Gundy also does not demonstrate that the denial “so prejudiced [him] in preparing or presenting his defense as to materially affect the outcome of the trial.”  Vance, 254 N.W.2d at 358-59. The public defender cross-examined the state’s witnesses and presented a defense witness who claimed to own the shotgun and who asserted that he had placed the shotgun under the shingles beside Gundy’s home but had forgotten to retrieve it.  The public defender had represented Gundy many times and was aware of Gundy’s criminal history.  He tried to convince Gundy to accept the plea bargain to avoid trial, but Gundy refused.  No prejudice is apparent.

In addition to the other substantive and procedural infirmities in Gundy’s request, the record suggests that Gundy never attempted to retain private counsel during the course of the proceedings.  Gundy had repeatedly represented to the court that he could not afford a lawyer, that he could not pay for drug screens, that he had little money and few assets, that he was in debt and owed child support, that he was unemployed, and that he was applying for social security disability benefits.  The public defender had also previously represented to the court that Gundy was indigent.  Gundy submitted at least four successful applications for appointed counsel in three criminal matters during this same period.

There is also no merit to Gundy’s claim that the court “never offered [him] the option to represent himself” and instead “pressed [Gundy’s] appointed counsel” on him.  Gundy never suggested during the proceedings that he wished to represent himself.  See Minn. R. Crim. P. 5.02, subd. 1(4) (“If a defendant appearing without counsel . . . does not request counsel and wishes to represent himself or herself, the court shall ensure that a voluntary and intelligent written waiver of the right to counsel is entered in the record.”).

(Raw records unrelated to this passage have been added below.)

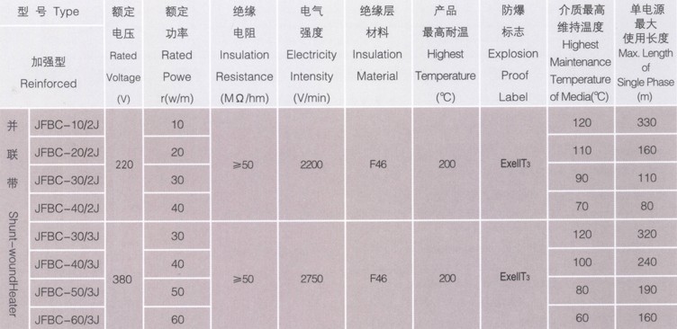 船用電伴熱帶分單相和三相二大類,其結(jié)構(gòu)和工作原理與JFB加強型并聯(lián)電熱帶相同。船用電熱帶除有加強型并聯(lián)帶全部特性外,還具有更好的機械強度、阻燃性、耐油、耐熱性和防霉菌生長。
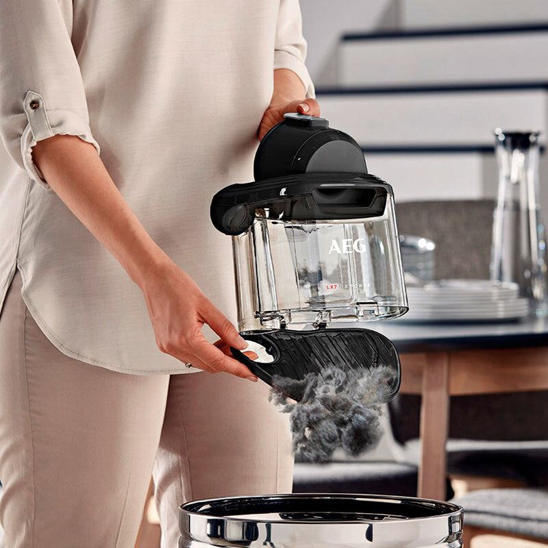 Silence pro ? para aspirar sin hacer ruido: Aspira sin hacer ruido. La aspiradora sin bolsa AEG LX7 se ha diseñado con el silencio en mente. La combinación de un motor de ruido optimizado junto al nuevo silencioso cepillo DustMagnet? Silent garantiza una limpieza más silenciosa sin que el rendimiento se vea afectado. Para un hogar más limpio e higiénico: El sistema de filtrado HEPA es capaz de filtrar partículas de polvo fino tan pequeñas como 0,3 micras hasta en un 99,99 %, además de ácaros y alérgenos, para proporcionar un aire más limpio. El sistema easy empty? permite mantener tu hogar sin rastro de polvo: Mantén tu hogar sin rastro de polvo. El sistema Easy Empty? te permite eliminar fácilmente todo el polvo de tu hogar. Lo único que tienes que hacer es extraer y vaciar el depósito del aspirador.
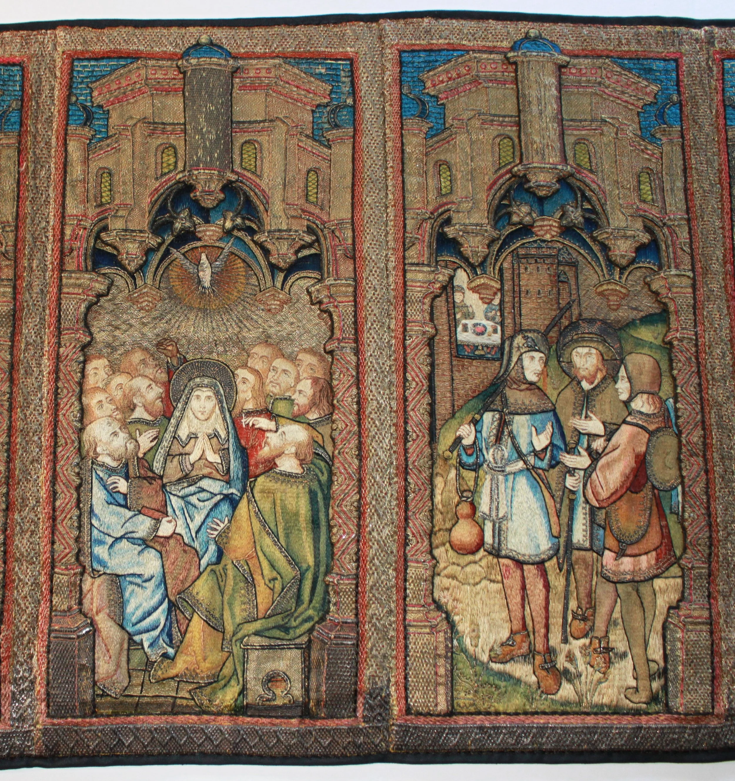 Detail of a 16th century embroidered ecclesiastical panel after treatment. Surface cleaning, removal of previous unsightly repairs and securing loose threads
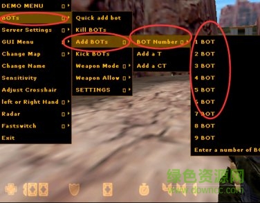 2.然后點擊“BOTS”選擇“ADD BOTS”可以選擇增加機器人數(shù)量,以及類別和刪除機器人等(add_ct為反恐精英;add_t為恐怖分子)。

Gundy raises three additional issues in a supplemental pro se brief, but none warrants a lengthy discussion.  He first repeats that he was denied the right to effective assistance of counsel when the court refused to grant a continuance to hire new counsel.  For the reasons stated above, we reject this assertion.  Second, he asserts that the district court committed “serious misconduct and show[ed] bias when he gave his personal opinion of defense counsel.”  Gundy seems to refer to the district court’s comment that “in terms of criminal defense attorney[s] . . . you’re not gonna be doing better than [the chief public defender],” made during the discussion on Gundy’s continuance motion.  Gundy does not explain how this comment, which was made before trial and outside the presence of any potential jurors, demonstrates improper bias.  We therefore reject the assertion as unfounded.  Third, Gundy claims that the “prosecutor committed serious misconduct when he expressed his personal opinion of defense counsel and to the justness of the prosecution and to uncorroborated evidence.”  But the prosecutor merely agreed with the court’s assessment of the public defender’s capabilities and responded to Gundy’s challenge to the predicate felony.  Like his appellate counsel’s arguments, Gundy’s pro se brief provides no basis to reverse his convictions.

The district court did not offend Gundy’s Sixth Amendment rights or abuse its discretion by denying Gundy’s motion for a continuance to find and retain private counsel.  We therefore affirm Gundy’s convictions.